Work required:
Output nothing but the lines from the first line of the entries to the line with "今天扎西持林全体僧众和周边信", inclusive, exactly as they read.

Items listed in a dataset

═══

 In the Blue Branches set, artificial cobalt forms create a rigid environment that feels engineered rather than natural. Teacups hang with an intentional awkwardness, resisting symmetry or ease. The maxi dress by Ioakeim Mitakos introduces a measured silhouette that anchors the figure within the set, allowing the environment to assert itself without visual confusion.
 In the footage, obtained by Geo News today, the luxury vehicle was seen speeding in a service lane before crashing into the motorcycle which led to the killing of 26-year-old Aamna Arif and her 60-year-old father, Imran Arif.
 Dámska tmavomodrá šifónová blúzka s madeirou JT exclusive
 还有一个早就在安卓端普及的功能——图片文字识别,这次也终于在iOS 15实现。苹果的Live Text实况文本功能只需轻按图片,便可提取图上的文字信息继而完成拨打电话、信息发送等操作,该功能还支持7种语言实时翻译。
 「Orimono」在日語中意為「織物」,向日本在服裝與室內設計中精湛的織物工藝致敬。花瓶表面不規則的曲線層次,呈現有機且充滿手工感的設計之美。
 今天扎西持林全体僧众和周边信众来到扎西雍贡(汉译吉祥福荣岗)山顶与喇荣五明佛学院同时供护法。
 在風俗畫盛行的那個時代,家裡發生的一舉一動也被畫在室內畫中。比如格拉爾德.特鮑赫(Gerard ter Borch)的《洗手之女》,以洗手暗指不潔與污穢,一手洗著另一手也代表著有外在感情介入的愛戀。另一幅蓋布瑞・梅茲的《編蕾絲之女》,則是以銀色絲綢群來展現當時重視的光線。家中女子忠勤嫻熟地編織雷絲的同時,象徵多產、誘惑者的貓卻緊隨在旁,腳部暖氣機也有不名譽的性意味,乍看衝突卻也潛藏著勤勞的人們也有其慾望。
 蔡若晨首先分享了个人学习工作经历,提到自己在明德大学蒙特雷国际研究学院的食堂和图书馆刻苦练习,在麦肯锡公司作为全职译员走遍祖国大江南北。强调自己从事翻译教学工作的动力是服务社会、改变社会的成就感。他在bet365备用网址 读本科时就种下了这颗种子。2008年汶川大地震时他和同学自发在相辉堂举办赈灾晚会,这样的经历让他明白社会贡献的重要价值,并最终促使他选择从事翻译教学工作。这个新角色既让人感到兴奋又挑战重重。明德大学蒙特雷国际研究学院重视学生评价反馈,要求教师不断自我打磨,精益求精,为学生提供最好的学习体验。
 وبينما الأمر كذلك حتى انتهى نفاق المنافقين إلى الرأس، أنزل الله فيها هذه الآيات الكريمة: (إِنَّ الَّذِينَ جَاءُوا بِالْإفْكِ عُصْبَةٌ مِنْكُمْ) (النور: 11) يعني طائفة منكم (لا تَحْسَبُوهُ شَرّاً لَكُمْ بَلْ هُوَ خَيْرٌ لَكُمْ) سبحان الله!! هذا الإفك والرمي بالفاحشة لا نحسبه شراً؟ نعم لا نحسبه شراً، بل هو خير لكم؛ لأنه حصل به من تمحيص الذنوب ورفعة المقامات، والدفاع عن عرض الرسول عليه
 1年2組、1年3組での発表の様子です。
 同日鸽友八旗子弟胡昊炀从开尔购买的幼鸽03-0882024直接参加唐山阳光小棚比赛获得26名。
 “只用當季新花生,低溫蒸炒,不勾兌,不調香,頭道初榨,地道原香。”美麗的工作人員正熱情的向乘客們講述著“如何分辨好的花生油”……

═══

Task output:
 In the Blue Branches set, artificial cobalt forms create a rigid environment that feels engineered rather than natural. Teacups hang with an intentional awkwardness, resisting symmetry or ease. The maxi dress by Ioakeim Mitakos introduces a measured silhouette that anchors the figure within the set, allowing the environment to assert itself without visual confusion.
 In the footage, obtained by Geo News today, the luxury vehicle was seen speeding in a service lane before crashing into the motorcycle which led to the killing of 26-year-old Aamna Arif and her 60-year-old father, Imran Arif.
 Dámska tmavomodrá šifónová blúzka s madeirou JT exclusive
 还有一个早就在安卓端普及的功能——图片文字识别,这次也终于在iOS 15实现。苹果的Live Text实况文本功能只需轻按图片,便可提取图上的文字信息继而完成拨打电话、信息发送等操作,该功能还支持7种语言实时翻译。
 「Orimono」在日語中意為「織物」,向日本在服裝與室內設計中精湛的織物工藝致敬。花瓶表面不規則的曲線層次,呈現有機且充滿手工感的設計之美。
 今天扎西持林全体僧众和周边信众来到扎西雍贡(汉译吉祥福荣岗)山顶与喇荣五明佛学院同时供护法。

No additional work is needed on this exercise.